Pathway-based analysis is rapidly emerging as an alternative but powerful approach for searching for disease causal genes from genomic datasets and has been applied to many complex diseases recently, but it is only now beginning to be applied in psychiatry. Here, we discuss critical issues in the pathway-based approach by specifically comparing the first pathway analysis of genome-wide association studies (GWAS) datasets in neuropsychiatric disorders by O'Dushlaine and colleagues (Molecular Psychiatry 2010, doi:10.1038/mp.2010.7) with our analysis. We also computed the power of gene set enrichment analysis, hypergeometric test, and SNP ratio test in order to assist future applications of these methods in pathway-based analysis of GWAS datasets.

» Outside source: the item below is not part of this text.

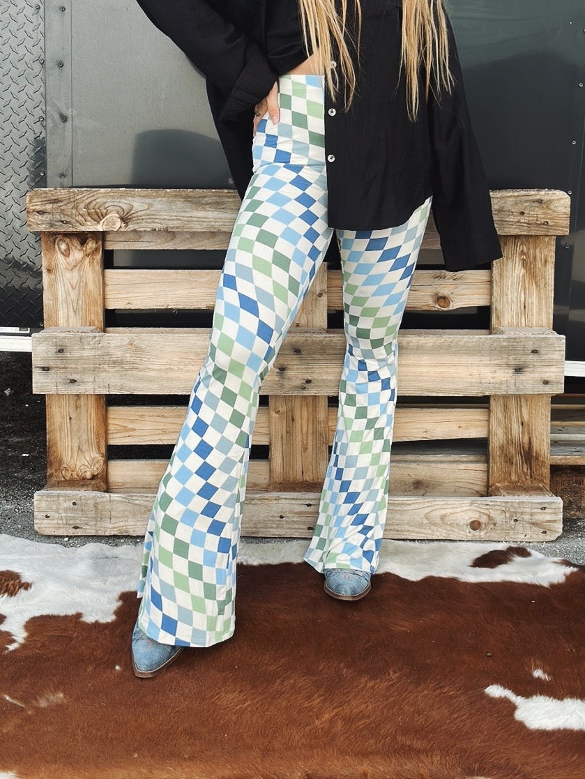 patterned bell bottom jeans

Overall, we suggest that the pathway-based approach is effective but caution is needed in interpreting the results of such analysis.

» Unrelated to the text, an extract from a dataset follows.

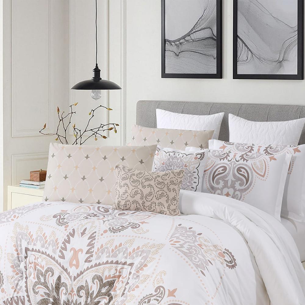 مفرش ريفيرا المميز بقماش مختار بعناية من ميلين يجمع بين النعومة و المتانة في آن واحد بحشوة ناعمة اختيرت بعناية يأتي مفرش ريفيرا بمجموعة مميزة من ١٠ قطع .

Genome-wide association studies (GWAS) have become a popular approach for searching for common genetic variants which increase susceptibility to complex diseases or traits such as neuropsychiatric disorders. However, at the stringent genome-wide significance level of p<5×10−8, many markers that are truly but weakly associated with disease often fail to be detected (Purcell et al.2009; Shi et al.2009; Stefansson et al.2009; Sullivan et al.2008). Recently, pathway-based or gene set enrichment analysis of GWAS datasets has emerged as an alternative but potentially powerful approach to searching for disease causal genes, assuming a complex disease such as schizophrenia might have resulted from a number of genes which disrupt one or more pathways or protein complexes. Specifically in psychiatry, O'Dushlaine and colleagues (2010) recently applied a pathway-based approach to mine for genetic signals for schizophrenia and bipolar disorder based upon GWAS data, which represented the first successful application of this approach in the field. Using two GWAS datasets they identified five pathways which were significantly associated with schizophrenia. However, only the cell adhesion molecular (CAM) pathway remained significant after corrections for multiple testing. Furthermore, the CAM pathway was also significant in an independent GWAS dataset (WTCCC) for bipolar disorder.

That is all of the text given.